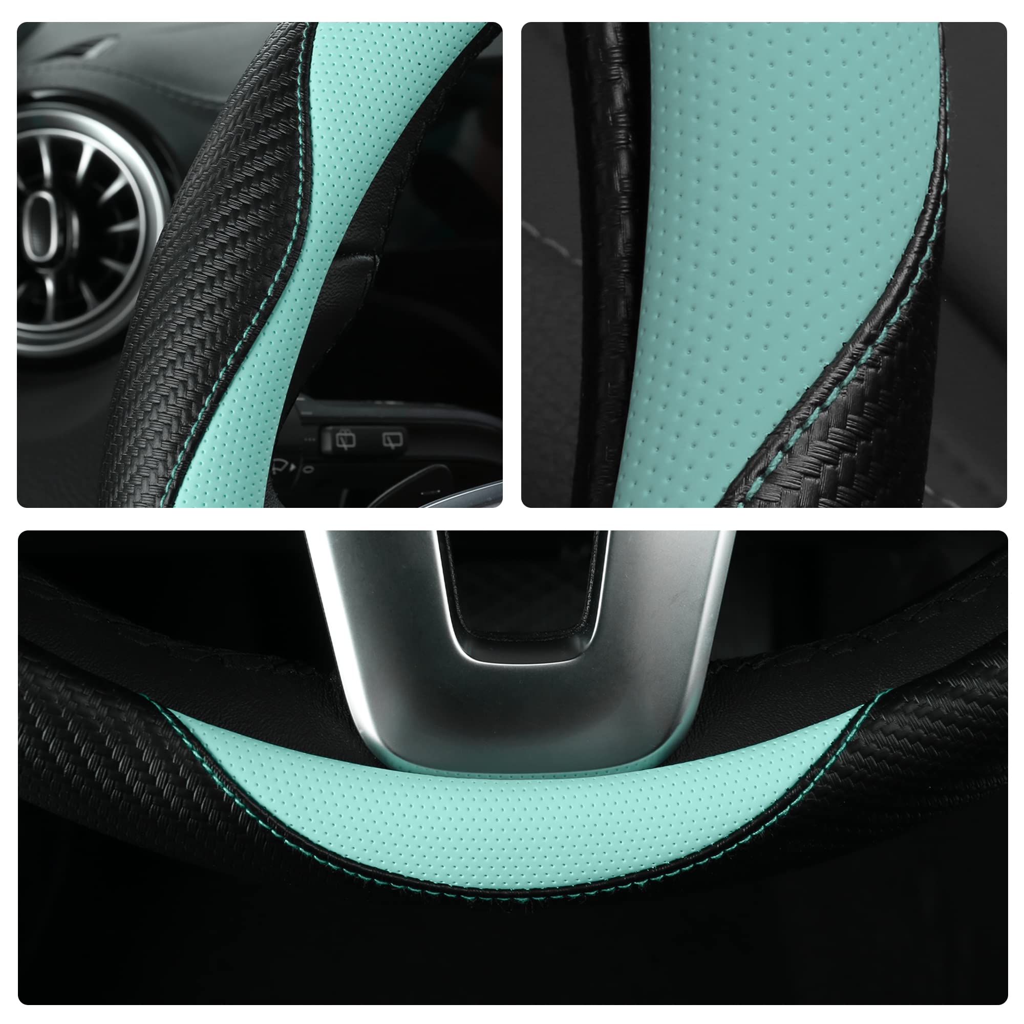 ♛【Easy To Install】- Durable & easy to install, just align the cover on the top of the steering wheel, then pull tight the cover from top to the side, then two side to bottom. Twist the cover and adjust it.
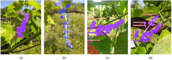 Detection and segmentation of grapevine inflorescence test set samples: (a) correct detection (YOLOv5n), (b) missed detection (YOLOv5s), (c) detections of non-annotated inflorescences (YOLOv8n) and (d) multiple detections of the same inflorescence (YOLOv8s). Red bounding boxes represent the models’ predictions and blue bounding boxes represent the groundtruth annotations.
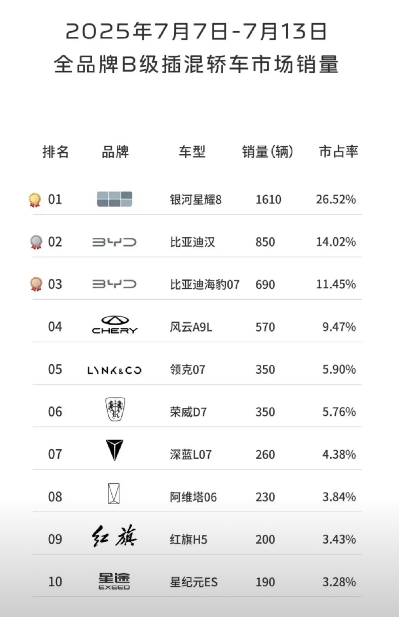 星耀8跟风云A9L并不是一个级别的车。但上次周榜B级显然不应该有风云A9L。这下

> _About this task_
Beginning at the line that contains "Detection and segmentation", transcribe it and every later line through the last line of the data above, exactly, and drop the pictures.

> _Answer to the exercise_
 Detection and segmentation of grapevine inflorescence test set samples: (a) correct detection (YOLOv5n), (b) missed detection (YOLOv5s), (c) detections of non-annotated inflorescences (YOLOv8n) and (d) multiple detections of the same inflorescence (YOLOv8s). Red bounding boxes represent the models’ predictions and blue bounding boxes represent the groundtruth annotations.
 星耀8跟风云A9L并不是一个级别的车。但上次周榜B级显然不应该有风云A9L。这下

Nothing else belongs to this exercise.